* Work task: Reproduce each entry exactly as it reads. Leave the images out.

* Input data:
=======
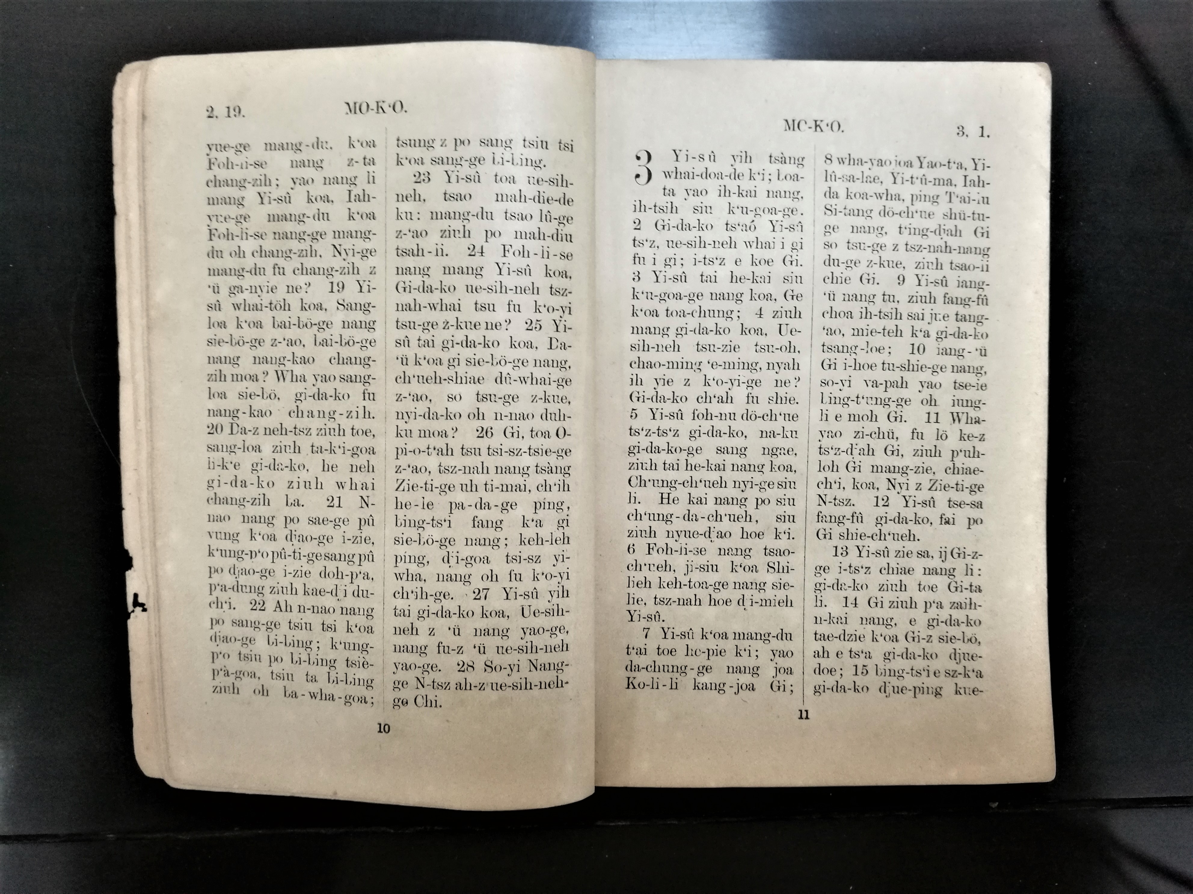 1902年溫州話羅馬字馬可福音 馬可福音 2 章 19 節到 3 章 15 節
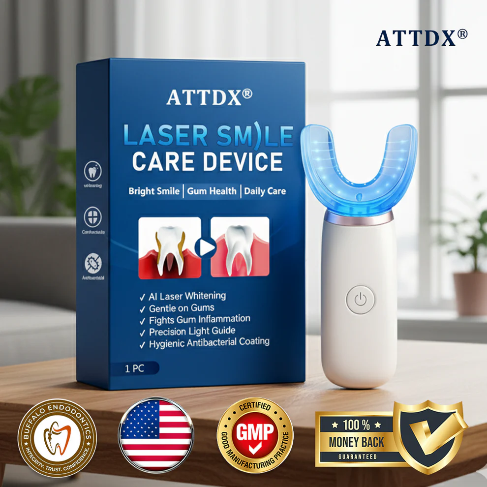ATTDX® Laser Smile Care Device whitens teeth in 10 minutes with dual-light tech, removing stains pain-free while improving gum health
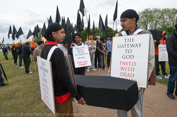 The Gateway to God Paved with Dead Bodies. Coffins and black flags
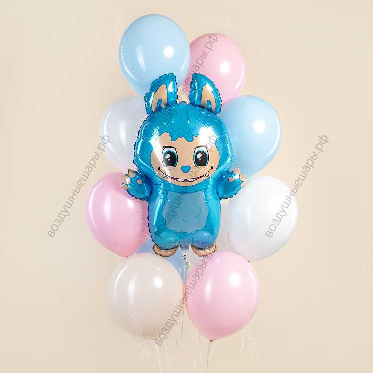 Закажите Фигура Лабубу Голубой с фонтаном шаров с гелием недорого с доставкой по Москве прямо сейчас!
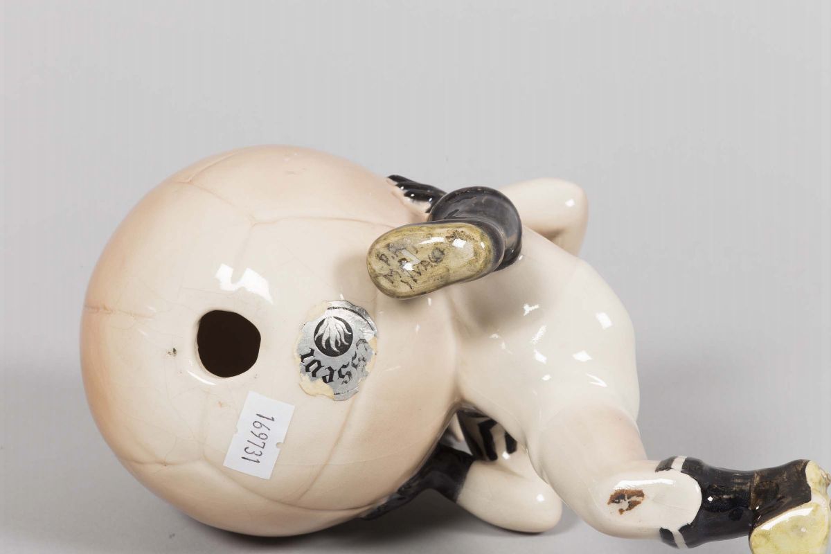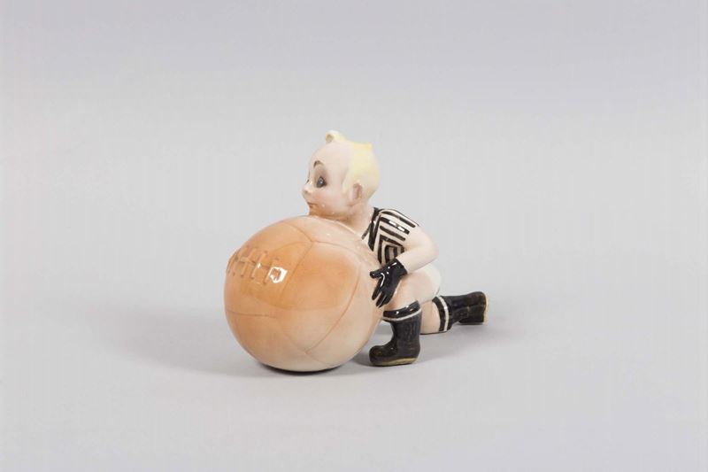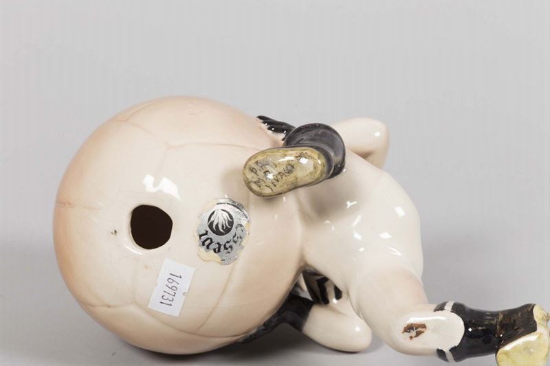 Giocatore con pallone gigante in terraglia a colaggio decorata in policromia.
=======
* Result below:
 1902年溫州話羅馬字馬可福音 馬可福音 2 章 19 節到 3 章 15 節
ATTDX® Laser Smile Care Device whitens teeth in 10 minutes with dual-light tech, removing stains pain-free while improving gum health
 The Gateway to God Paved with Dead Bodies. Coffins and black flags
 Закажите Фигура Лабубу Голубой с фонтаном шаров с гелием недорого с доставкой по Москве прямо сейчас!
 Giocatore con pallone gigante in terraglia a colaggio decorata in policromia.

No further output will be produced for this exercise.